The standard provides a set of technical security requirements that should be considered when developing and implementing IACS components. These requirements include:

• Security capabilities

  The standard requires that IACS components should have security capabilities that are appropriate for the intended use of the component. This includes capabilities such as access control, secure communication, and secure storage.

• Secure communication

  The standard requires that IACS components should use secure communication protocols to protect against eavesdropping, tampering, and other attacks.

• Secure storage

  The standard requires that IACS components should use secure storage mechanisms to protect against unauthorized access and tampering.

• Access control

  The standard requires that IACS components should use access control mechanisms to ensure that only authorized users can access the component and its data.

• Security monitoring

  The standard requires that IACS components should have security monitoring capabilities to detect and respond to security incidents.

• Security updates

  The standard requires that IACS components should have the ability to receive security updates to address known vulnerabilities.

2. Terminology

IEC 62443 provides a comprehensive terminology to describe the different aspects of securing IACS.

• Industrial automation and control systems (IACS)

  Systems that control and monitor industrial processes, such as manufacturing, energy production, and transportation.

• Cybersecurity

  The practice of protecting computer systems, networks, and data from unauthorized access, theft, damage, or other malicious actions.

• Threat

  A potential event or action that could harm a system or network.

• Vulnerability

  A weakness in a system or network that could be exploited by an attacker.

• Risk

  The likelihood and potential impact of a threat exploiting a vulnerability.
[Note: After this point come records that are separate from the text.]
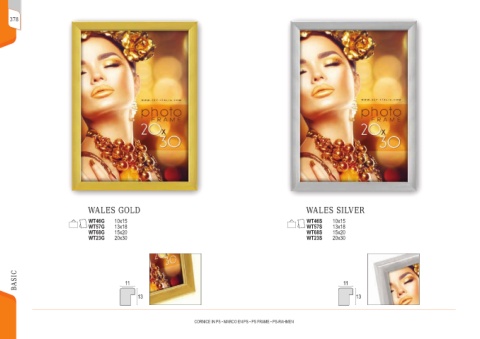 378 WALES GOLD WALES SILVER WT46G 10x15 WT46S 10x15 WT57G 13x18 WT57S 13x18 WT68G 15x20 WT68S 15x20 WT23G 20x30 WT23S 20x30 BASIC 11 11 13 13 CORNICE IN PS • MARCO EN PS • PS FRAME • PS-RAHMEN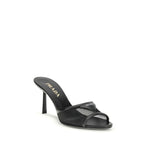 The mesh slipper Sandals by Prada combine lightness and contemporary style in a sophisticated design. The mesh strap is accented by the iconic triangular leather logo plaque, while the stiletto heel lends elegance and sleekness to the silhouette. The logo-embellished sole completes the model with a distinctive brand detail.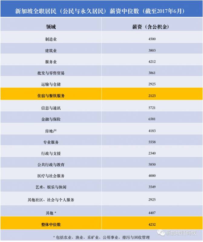 以下是人力部发布的《2018年新加坡劳动力报告》中,各领域的本地员工(公民与永久居民)每月薪资的中位数。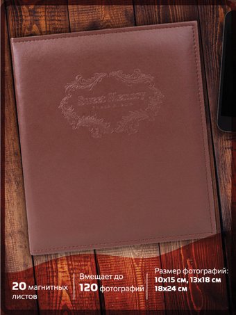 универсальный, 120 фотографий, 10x15 см/13x18 см/18x24 см, твердый переплет, с магнитными листами, коричневый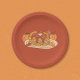 Eine niedliche rotbraune Papiertafel für ein Herbstfest mit der Aquarelldarstellung einiger Kürbisgewürzpfannkuchen. Wählen Sie die Größe und Form Ihres Tellers aus. Sehen Sie in der Sammlung nach, ob passende Papierbecher vorhanden sind. © ArianeC Illustrations-Alle Rechte vorbehalten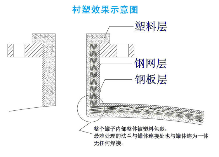 鋼襯塑聚乙烯儲罐:以純聚乙烯(PE)為原料,使用熱融滾塑工藝將聚乙烯內(nèi)襯于鋼罐體內(nèi)壁,鋼罐體內(nèi)網(wǎng)(龜甲)與聚乙烯有機結合成一體,使聚乙烯牢固過渡連接鋼體內(nèi)表面,內(nèi)襯聚乙烯防腐層厚度可根據(jù)實際需要而定,內(nèi)襯聚乙烯防腐層厚度可在15-25mm不等。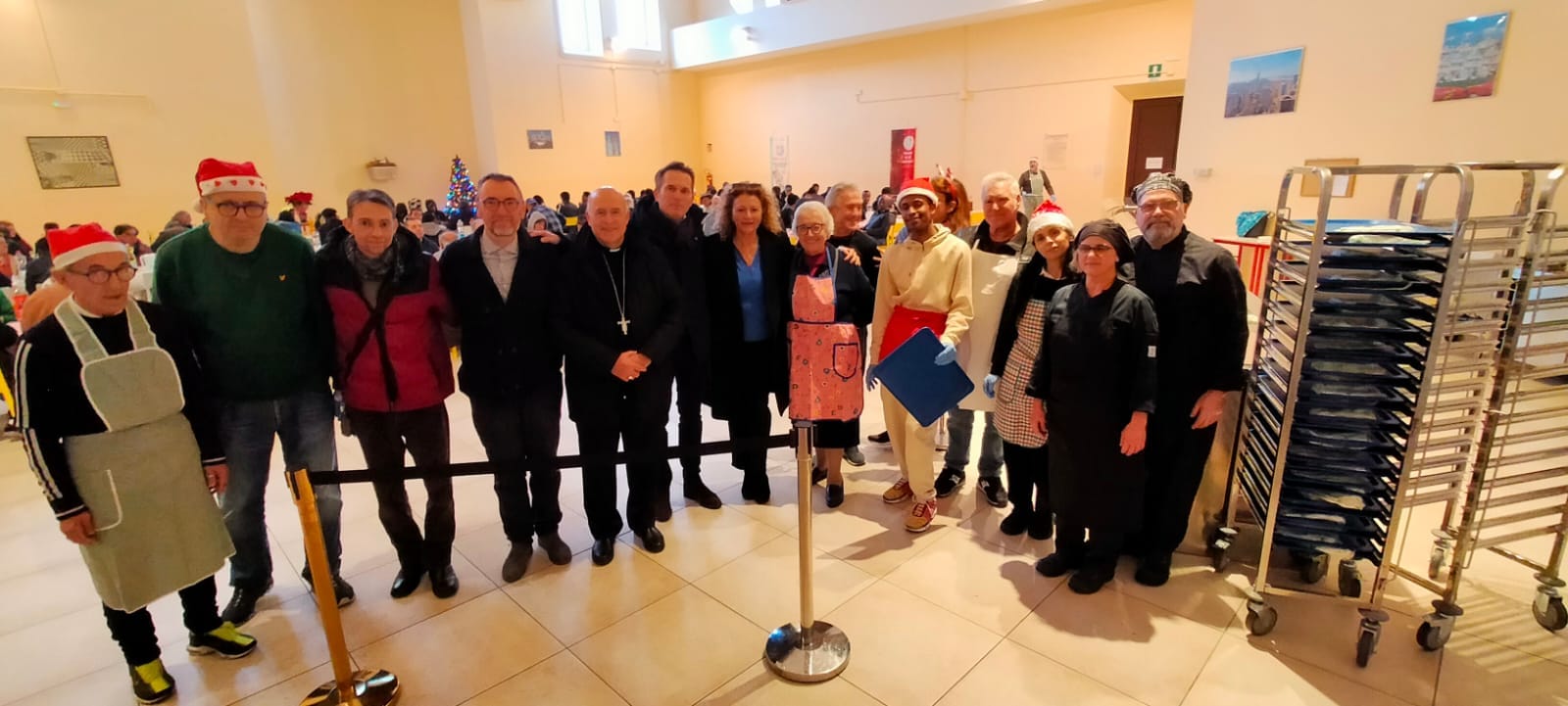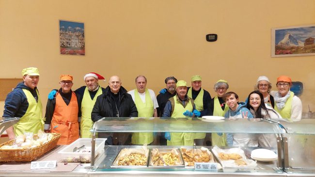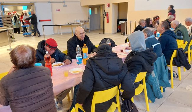 La mensa condivisa per un Natale di Pace. Un gesto di solidarietà che si è rinnovato ieri ad Ancona alla presenza dell’arcivescovo Angelo Spina. La Mensa Caritas Diocesana Santo Stefano, in collaborazione con le suore dell’Opera Padre Guido- Mensa del Povero, ha offerto infatti oltre 200 pasti per il pranzo e la cena. «L’arcivescovo Angelo ha accolto, insieme a tanti volontari e operatori, gli ultimi della nostra città. Quelle persone sole e spesso emarginate che, insieme ad un pasto speciale, hanno potuto godere di una giornata di festa in compagnia e in un clima di amicizia» fanno sapere i volontari sui social postando le foto della tavolata.
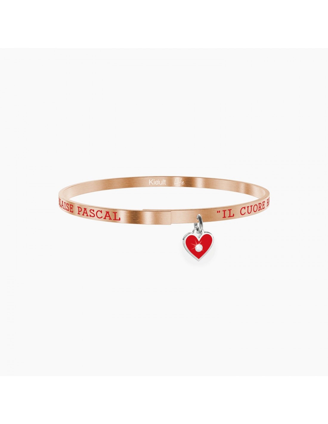 "Il cuore ha le sue ragioni, che la ragione non conosce." - Blaise Pascal - Bangle sottile in acciaio satinato color oro rosa con scritta e piccolo ciondolo a cuore smaltato rosso.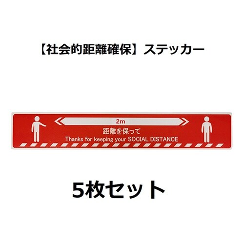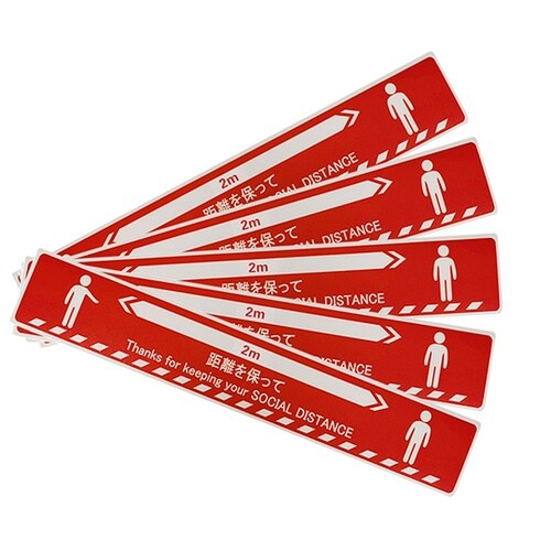 ソーシャルディスタンスステッカー【人形図柄】 赤 5枚セット J2385−R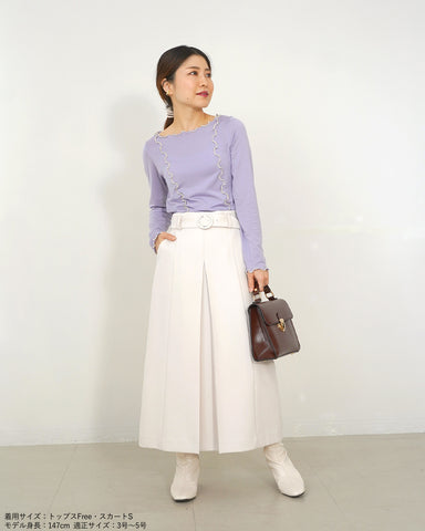 (XS)着用できましたが、ウエストヒップともに小さいためSを選びます。ジャストサイズのほうがプリーツがきれいに出るため、特にヒップサイズを基準に選ぶことをおすすめします。
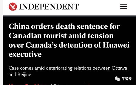 比如英国《独立报》,标题就是:中国命令判决加拿大游客死刑,正值双方因加拿大逮捕华为高管紧张之际。

• Security management system (SMS)

  A comprehensive set of policies, procedures, and controls that are implemented to manage an organization's information security risks.

• Security level

  A measure of the effectiveness of a security control or set of controls in mitigating a risk.

• Security capability

  A set of security features or functions that are designed to address a specific security need.

• Security zone

  A logical grouping of assets or systems based on their security requirements.

• Conduit

  A pathway for data flow between security zones.